Мальчик поднял на неё глаза и остановился. Отцу пришлось сделать тоже самое.
«Мой папа — алкоголик… Теперь с такими людьми поступают так. Не знаю, но говорят, это нужно, чтобы он почувствовал стыд за своё поведение и неправильную жизнь, из-за которой больно ему, его близким. Чтобы он задумался и понял, что лучше быть свободным и нормальным. Не носить клейма и цепей в виде вредных привычек, которые переходят в болезнь и разъедают личность. Чтобы он всё это лучше усвоил, мы поочередно ходим с ним так. Это обязательно. Он должен чувствовать и наш стыд тоже» — телепатически сообщал мальчик Лене.
— Это помогает? — спросила Лена, смотря мальчику в глаза и не понимая, как можно в его возрасте так по-взрослому говорить и смотреть. Его глаза были пугающе взрослыми и пронизывающими. Лена видела в них себя…
Теперь точно так, как разговаривал с ней мальчик, заговорил его отец:
«Я многое осознал… И мне больно. Я пытаюсь вылечиться. И не теряю веры в это». Жалобный голос. Из глаз его полились слёзы раскаяния.
«Он говорит правду» — не сомневалась Лена.
— Надейтесь и действуйте! — пожелала она им обоим.
«Да… А как же иначе» — почти хором ответили отец с сыном и вздохнули.

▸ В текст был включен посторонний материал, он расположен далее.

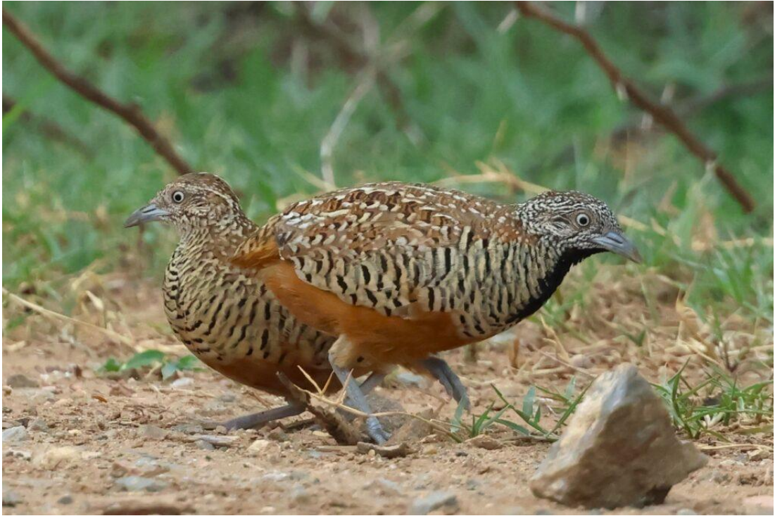
Barred Buttonquails

От их вздохов ей стало холодно…
Мальчик с отцом двинулись дальше. Лена только успела шепнуть мальчику:
— Я буду верить в вас! Держись!
«Спасибо тебе, Лена. Никогда не забывай, ты — Факел!»
Только она хотела спросить у него, откуда ему известно её имя, как они испарились.

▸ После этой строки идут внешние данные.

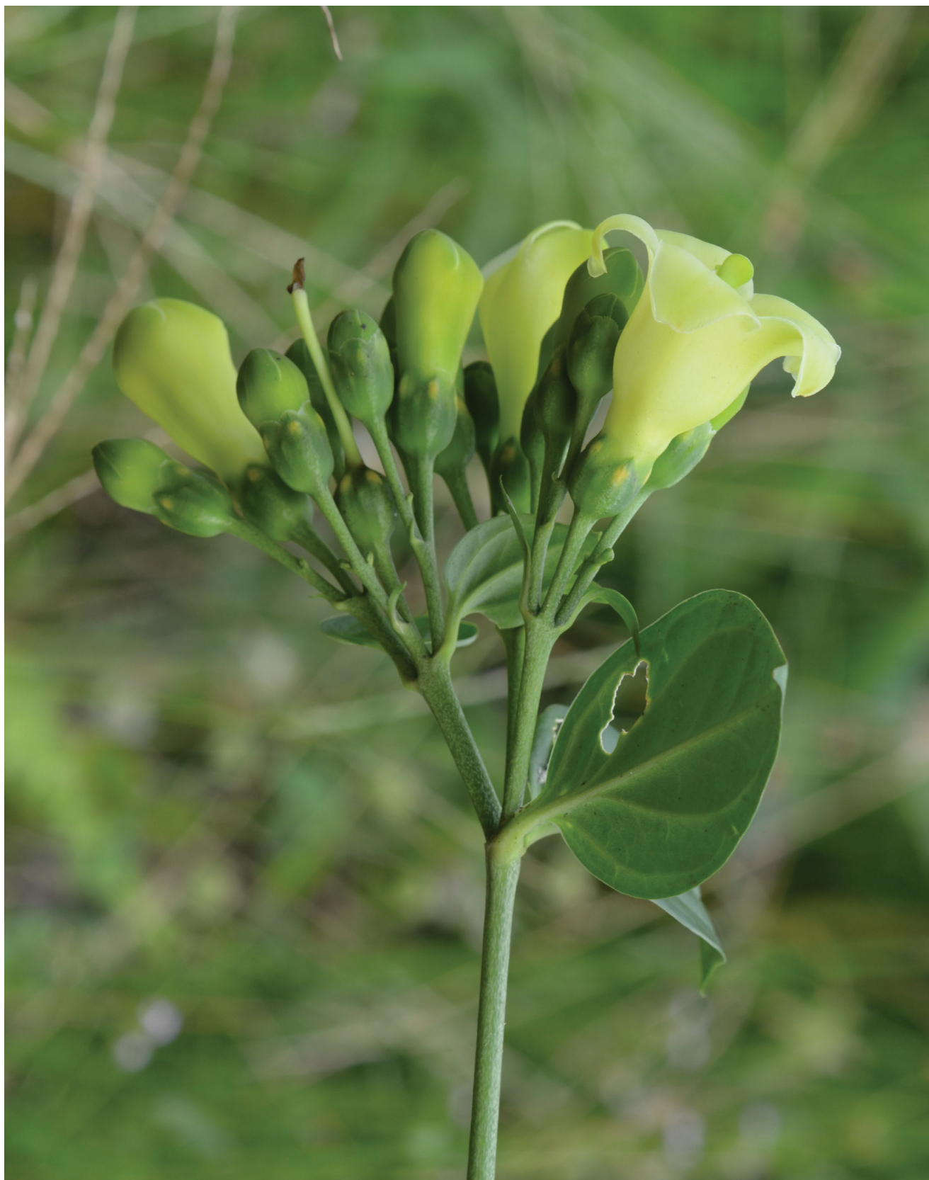
FIGURE 4. Macrocarpaea cortinae . Branch of the inflorescence, notice orange coloration on the dorsal portion of each calyx lobe.

Лена снова вернулась в общий механический полёт, но уже чувствовала себя в нём отчужденно. Всё казалось ей неправдоподобным, ненужным, слишком понятным и плавным.
«Такие беды, катастрофы личностей и вселенных, а мы летаем в мире иллюзий и тишины…» — протикало в ней ржавым механизмом. Он заскрипел и начал ломаться…
Лена прислонилась к стене сонного дома и сжавшись, заплакала…»
Теперь Лена проснулась. Её рыдания во сне достигли предела, и ей стало плохо наяву. Она заёрзала по кровати, закрыла глаза ладонями, пытаясь придти в себя…
«Приснится же такое! Чего только не насмотрится человек за ночную жизнь во снах… Нет бы, что-нибудь доброе, радостное, лёгкое… Или вообще ничего пусть не снится» — обижено думала она.
Лена выпрямилась на кровати и раскинула руки. Громко вздохнув, она посмотрела на окно. Солнце нежно заливало комнату и дарило свою улыбку. Прозрачные занавески вздрагивали, трепетали и забирали в необъяснимо приятное, невесомое приключение; вспенивались, вздымались, поддающиеся только ласке или грубости ветерка. Лене нравилось, как всегда в фильмах красиво обыгрывали эпизоды с занавесками. Ей запомнились светло-красные шифоновые шторы… Пугающие и соблазняющие.
Внезапно она вспомнила последние слова мальчика из сна: «Не забывай — ты Факел!»…
— Поняла! — торжествующе она сказала себе, и резко подскочила в кровати. — Ведь «Елена» переводится «факел» с греческого! Интересно, многим я освещаю путь? Или, наоборот, кому-то порчу жизнь, поджигая?.. — спросила она себя и засмеялась.
* * *
Лена всю жизнь была в напряжении. Иногда это проявлялось в её сдержанности, реже — в замкнутости. Но бывали и другие случаи, когда её внутреннее возбуждение, не совсем ей понятное, заставляло держаться её вызывающе, как будто она вечно ждала чьих-то нападок. Нервы её были натянуты постоянно. Но мало, кто из окружающих и близких, чувствовал это. Напряжение вызывало усталость и душевную боль. И Лена начинала думать, что люди, сама жизнь — источник этой боли.